----- Source material

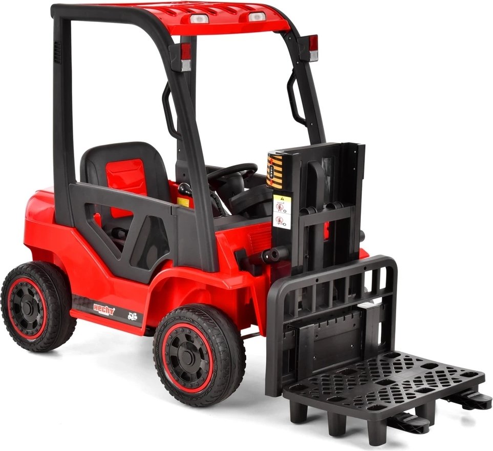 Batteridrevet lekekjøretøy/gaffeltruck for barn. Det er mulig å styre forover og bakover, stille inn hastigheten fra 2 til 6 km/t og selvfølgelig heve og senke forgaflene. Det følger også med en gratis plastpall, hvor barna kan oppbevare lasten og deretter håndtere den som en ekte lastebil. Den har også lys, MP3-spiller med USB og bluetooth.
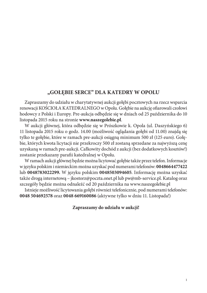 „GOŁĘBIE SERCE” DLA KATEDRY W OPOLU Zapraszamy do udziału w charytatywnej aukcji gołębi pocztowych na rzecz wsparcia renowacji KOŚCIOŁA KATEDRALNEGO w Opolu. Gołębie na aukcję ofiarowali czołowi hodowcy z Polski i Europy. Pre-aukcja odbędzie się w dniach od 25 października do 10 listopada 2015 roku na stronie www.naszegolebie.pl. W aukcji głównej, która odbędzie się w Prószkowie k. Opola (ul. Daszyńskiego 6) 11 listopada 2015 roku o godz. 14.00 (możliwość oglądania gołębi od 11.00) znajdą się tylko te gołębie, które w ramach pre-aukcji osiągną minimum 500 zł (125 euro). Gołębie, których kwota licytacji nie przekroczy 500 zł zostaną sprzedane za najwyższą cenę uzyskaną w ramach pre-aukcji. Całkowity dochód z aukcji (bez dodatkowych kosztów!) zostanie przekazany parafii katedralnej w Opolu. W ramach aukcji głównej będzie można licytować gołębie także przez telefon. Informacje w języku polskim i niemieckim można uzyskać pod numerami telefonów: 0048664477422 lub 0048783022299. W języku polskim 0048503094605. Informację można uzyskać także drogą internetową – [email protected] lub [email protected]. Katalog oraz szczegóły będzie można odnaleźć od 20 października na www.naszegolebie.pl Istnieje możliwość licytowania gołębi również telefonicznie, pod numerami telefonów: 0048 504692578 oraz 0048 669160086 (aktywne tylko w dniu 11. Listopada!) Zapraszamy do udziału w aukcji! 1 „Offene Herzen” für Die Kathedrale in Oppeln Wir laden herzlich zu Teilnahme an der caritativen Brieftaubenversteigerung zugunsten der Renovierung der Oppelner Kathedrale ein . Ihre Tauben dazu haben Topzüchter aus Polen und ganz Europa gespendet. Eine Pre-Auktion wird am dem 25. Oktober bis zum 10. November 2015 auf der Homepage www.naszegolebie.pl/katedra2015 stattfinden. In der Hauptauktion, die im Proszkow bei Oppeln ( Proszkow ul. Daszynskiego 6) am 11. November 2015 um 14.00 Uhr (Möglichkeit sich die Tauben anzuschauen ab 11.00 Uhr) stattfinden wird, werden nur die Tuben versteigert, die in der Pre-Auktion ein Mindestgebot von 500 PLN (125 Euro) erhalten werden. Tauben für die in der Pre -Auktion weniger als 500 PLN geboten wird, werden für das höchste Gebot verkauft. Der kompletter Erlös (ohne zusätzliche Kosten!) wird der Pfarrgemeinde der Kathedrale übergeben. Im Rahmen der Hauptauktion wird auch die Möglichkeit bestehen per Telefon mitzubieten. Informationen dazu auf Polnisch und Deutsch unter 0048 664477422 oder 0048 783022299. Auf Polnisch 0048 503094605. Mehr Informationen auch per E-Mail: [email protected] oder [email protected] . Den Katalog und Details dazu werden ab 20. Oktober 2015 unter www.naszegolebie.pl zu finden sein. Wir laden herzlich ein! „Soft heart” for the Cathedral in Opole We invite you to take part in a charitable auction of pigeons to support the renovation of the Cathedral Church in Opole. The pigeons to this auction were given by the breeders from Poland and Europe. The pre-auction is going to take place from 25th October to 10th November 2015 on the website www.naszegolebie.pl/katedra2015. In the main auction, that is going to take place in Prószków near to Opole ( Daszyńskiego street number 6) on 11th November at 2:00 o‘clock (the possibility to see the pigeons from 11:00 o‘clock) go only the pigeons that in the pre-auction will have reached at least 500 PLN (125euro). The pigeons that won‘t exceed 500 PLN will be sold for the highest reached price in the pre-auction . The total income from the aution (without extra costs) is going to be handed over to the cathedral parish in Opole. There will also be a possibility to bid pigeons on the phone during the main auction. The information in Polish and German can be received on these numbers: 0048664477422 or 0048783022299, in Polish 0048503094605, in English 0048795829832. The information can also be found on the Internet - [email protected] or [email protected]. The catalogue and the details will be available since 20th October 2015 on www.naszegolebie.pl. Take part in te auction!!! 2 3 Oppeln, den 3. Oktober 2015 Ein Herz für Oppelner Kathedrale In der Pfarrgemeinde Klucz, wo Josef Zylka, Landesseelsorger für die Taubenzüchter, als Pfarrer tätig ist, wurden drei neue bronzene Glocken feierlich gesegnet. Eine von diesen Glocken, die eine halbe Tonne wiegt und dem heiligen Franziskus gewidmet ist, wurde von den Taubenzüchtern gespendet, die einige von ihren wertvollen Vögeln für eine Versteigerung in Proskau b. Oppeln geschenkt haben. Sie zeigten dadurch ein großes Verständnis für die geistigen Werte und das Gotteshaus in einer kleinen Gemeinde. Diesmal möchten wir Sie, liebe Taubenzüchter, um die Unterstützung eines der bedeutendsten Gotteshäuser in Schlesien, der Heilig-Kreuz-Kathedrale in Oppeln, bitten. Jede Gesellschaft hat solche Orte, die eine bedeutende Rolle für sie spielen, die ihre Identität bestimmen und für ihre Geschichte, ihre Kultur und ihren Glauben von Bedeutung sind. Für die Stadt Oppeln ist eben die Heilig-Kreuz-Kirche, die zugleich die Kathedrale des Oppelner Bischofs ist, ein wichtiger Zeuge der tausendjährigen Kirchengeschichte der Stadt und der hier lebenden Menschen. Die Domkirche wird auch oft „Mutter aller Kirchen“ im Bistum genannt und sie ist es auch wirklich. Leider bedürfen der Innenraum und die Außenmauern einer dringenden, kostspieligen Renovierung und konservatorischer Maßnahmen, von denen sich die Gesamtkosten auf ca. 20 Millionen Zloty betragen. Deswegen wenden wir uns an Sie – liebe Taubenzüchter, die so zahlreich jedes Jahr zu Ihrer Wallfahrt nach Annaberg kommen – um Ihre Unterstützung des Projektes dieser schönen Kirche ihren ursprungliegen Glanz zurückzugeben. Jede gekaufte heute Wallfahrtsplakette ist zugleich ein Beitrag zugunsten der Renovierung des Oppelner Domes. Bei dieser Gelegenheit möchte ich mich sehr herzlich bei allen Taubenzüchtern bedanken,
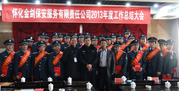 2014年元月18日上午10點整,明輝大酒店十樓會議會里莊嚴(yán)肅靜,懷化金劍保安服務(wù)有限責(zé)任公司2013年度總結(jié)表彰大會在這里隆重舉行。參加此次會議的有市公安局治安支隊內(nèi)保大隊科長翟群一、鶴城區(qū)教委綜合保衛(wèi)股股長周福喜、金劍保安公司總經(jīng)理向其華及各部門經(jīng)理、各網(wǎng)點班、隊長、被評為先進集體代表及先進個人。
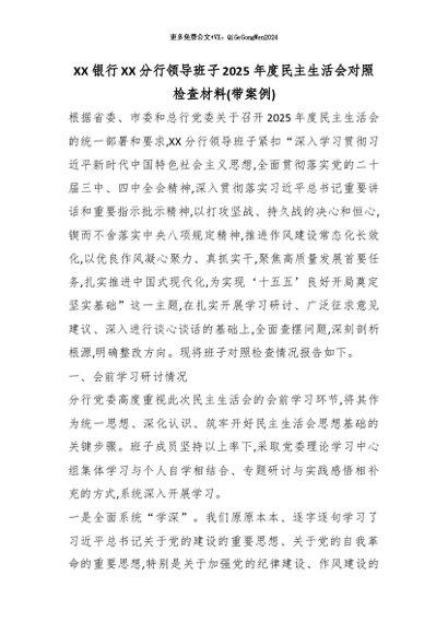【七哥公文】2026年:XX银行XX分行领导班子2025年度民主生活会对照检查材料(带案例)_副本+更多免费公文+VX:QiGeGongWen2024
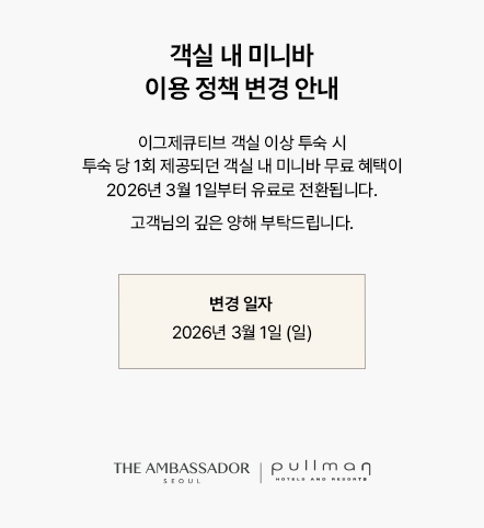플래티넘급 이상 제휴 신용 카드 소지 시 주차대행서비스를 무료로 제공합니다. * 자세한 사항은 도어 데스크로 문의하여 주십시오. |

----------

== Exercise prompt ==
What's needed is an exact retyping of the records, pictures excluded.

== Solution ==
 Batteridrevet lekekjøretøy/gaffeltruck for barn. Det er mulig å styre forover og bakover, stille inn hastigheten fra 2 til 6 km/t og selvfølgelig heve og senke forgaflene. Det følger også med en gratis plastpall, hvor barna kan oppbevare lasten og deretter håndtere den som en ekte lastebil. Den har også lys, MP3-spiller med USB og bluetooth.
 „GOŁĘBIE SERCE” DLA KATEDRY W OPOLU Zapraszamy do udziału w charytatywnej aukcji gołębi pocztowych na rzecz wsparcia renowacji KOŚCIOŁA KATEDRALNEGO w Opolu. Gołębie na aukcję ofiarowali czołowi hodowcy z Polski i Europy. Pre-aukcja odbędzie się w dniach od 25 października do 10 listopada 2015 roku na stronie www.naszegolebie.pl. W aukcji głównej, która odbędzie się w Prószkowie k. Opola (ul. Daszyńskiego 6) 11 listopada 2015 roku o godz. 14.00 (możliwość oglądania gołębi od 11.00) znajdą się tylko te gołębie, które w ramach pre-aukcji osiągną minimum 500 zł (125 euro). Gołębie, których kwota licytacji nie przekroczy 500 zł zostaną sprzedane za najwyższą cenę uzyskaną w ramach pre-aukcji. Całkowity dochód z aukcji (bez dodatkowych kosztów!) zostanie przekazany parafii katedralnej w Opolu. W ramach aukcji głównej będzie można licytować gołębie także przez telefon. Informacje w języku polskim i niemieckim można uzyskać pod numerami telefonów: 0048664477422 lub 0048783022299. W języku polskim 0048503094605. Informację można uzyskać także drogą internetową – [email protected] lub [email protected]. Katalog oraz szczegóły będzie można odnaleźć od 20 października na www.naszegolebie.pl Istnieje możliwość licytowania gołębi również telefonicznie, pod numerami telefonów: 0048 504692578 oraz 0048 669160086 (aktywne tylko w dniu 11. Listopada!) Zapraszamy do udziału w aukcji! 1 „Offene Herzen” für Die Kathedrale in Oppeln Wir laden herzlich zu Teilnahme an der caritativen Brieftaubenversteigerung zugunsten der Renovierung der Oppelner Kathedrale ein . Ihre Tauben dazu haben Topzüchter aus Polen und ganz Europa gespendet. Eine Pre-Auktion wird am dem 25. Oktober bis zum 10. November 2015 auf der Homepage www.naszegolebie.pl/katedra2015 stattfinden. In der Hauptauktion, die im Proszkow bei Oppeln ( Proszkow ul. Daszynskiego 6) am 11. November 2015 um 14.00 Uhr (Möglichkeit sich die Tauben anzuschauen ab 11.00 Uhr) stattfinden wird, werden nur die Tuben versteigert, die in der Pre-Auktion ein Mindestgebot von 500 PLN (125 Euro) erhalten werden. Tauben für die in der Pre -Auktion weniger als 500 PLN geboten wird, werden für das höchste Gebot verkauft. Der kompletter Erlös (ohne zusätzliche Kosten!) wird der Pfarrgemeinde der Kathedrale übergeben. Im Rahmen der Hauptauktion wird auch die Möglichkeit bestehen per Telefon mitzubieten. Informationen dazu auf Polnisch und Deutsch unter 0048 664477422 oder 0048 783022299. Auf Polnisch 0048 503094605. Mehr Informationen auch per E-Mail: [email protected] oder [email protected] . Den Katalog und Details dazu werden ab 20. Oktober 2015 unter www.naszegolebie.pl zu finden sein. Wir laden herzlich ein! „Soft heart” for the Cathedral in Opole We invite you to take part in a charitable auction of pigeons to support the renovation of the Cathedral Church in Opole. The pigeons to this auction were given by the breeders from Poland and Europe. The pre-auction is going to take place from 25th October to 10th November 2015 on the website www.naszegolebie.pl/katedra2015. In the main auction, that is going to take place in Prószków near to Opole ( Daszyńskiego street number 6) on 11th November at 2:00 o‘clock (the possibility to see the pigeons from 11:00 o‘clock) go only the pigeons that in the pre-auction will have reached at least 500 PLN (125euro). The pigeons that won‘t exceed 500 PLN will be sold for the highest reached price in the pre-auction . The total income from the aution (without extra costs) is going to be handed over to the cathedral parish in Opole. There will also be a possibility to bid pigeons on the phone during the main auction. The information in Polish and German can be received on these numbers: 0048664477422 or 0048783022299, in Polish 0048503094605, in English 0048795829832. The information can also be found on the Internet - [email protected] or [email protected]. The catalogue and the details will be available since 20th October 2015 on www.naszegolebie.pl. Take part in te auction!!! 2 3 Oppeln, den 3. Oktober 2015 Ein Herz für Oppelner Kathedrale In der Pfarrgemeinde Klucz, wo Josef Zylka, Landesseelsorger für die Taubenzüchter, als Pfarrer tätig ist, wurden drei neue bronzene Glocken feierlich gesegnet. Eine von diesen Glocken, die eine halbe Tonne wiegt und dem heiligen Franziskus gewidmet ist, wurde von den Taubenzüchtern gespendet, die einige von ihren wertvollen Vögeln für eine Versteigerung in Proskau b. Oppeln geschenkt haben. Sie zeigten dadurch ein großes Verständnis für die geistigen Werte und das Gotteshaus in einer kleinen Gemeinde. Diesmal möchten wir Sie, liebe Taubenzüchter, um die Unterstützung eines der bedeutendsten Gotteshäuser in Schlesien, der Heilig-Kreuz-Kathedrale in Oppeln, bitten. Jede Gesellschaft hat solche Orte, die eine bedeutende Rolle für sie spielen, die ihre Identität bestimmen und für ihre Geschichte, ihre Kultur und ihren Glauben von Bedeutung sind. Für die Stadt Oppeln ist eben die Heilig-Kreuz-Kirche, die zugleich die Kathedrale des Oppelner Bischofs ist, ein wichtiger Zeuge der tausendjährigen Kirchengeschichte der Stadt und der hier lebenden Menschen. Die Domkirche wird auch oft „Mutter aller Kirchen“ im Bistum genannt und sie ist es auch wirklich. Leider bedürfen der Innenraum und die Außenmauern einer dringenden, kostspieligen Renovierung und konservatorischer Maßnahmen, von denen sich die Gesamtkosten auf ca. 20 Millionen Zloty betragen. Deswegen wenden wir uns an Sie – liebe Taubenzüchter, die so zahlreich jedes Jahr zu Ihrer Wallfahrt nach Annaberg kommen – um Ihre Unterstützung des Projektes dieser schönen Kirche ihren ursprungliegen Glanz zurückzugeben. Jede gekaufte heute Wallfahrtsplakette ist zugleich ein Beitrag zugunsten der Renovierung des Oppelner Domes. Bei dieser Gelegenheit möchte ich mich sehr herzlich bei allen Taubenzüchtern bedanken,
 2014年元月18日上午10點整,明輝大酒店十樓會議會里莊嚴(yán)肅靜,懷化金劍保安服務(wù)有限責(zé)任公司2013年度總結(jié)表彰大會在這里隆重舉行。參加此次會議的有市公安局治安支隊內(nèi)保大隊科長翟群一、鶴城區(qū)教委綜合保衛(wèi)股股長周福喜、金劍保安公司總經(jīng)理向其華及各部門經(jīng)理、各網(wǎng)點班、隊長、被評為先進集體代表及先進個人。
【七哥公文】2026年:XX银行XX分行领导班子2025年度民主生活会对照检查材料(带案例)_副本+更多免费公文+VX:QiGeGongWen2024
플래티넘급 이상 제휴 신용 카드 소지 시 주차대행서비스를 무료로 제공합니다. * 자세한 사항은 도어 데스크로 문의하여 주십시오. |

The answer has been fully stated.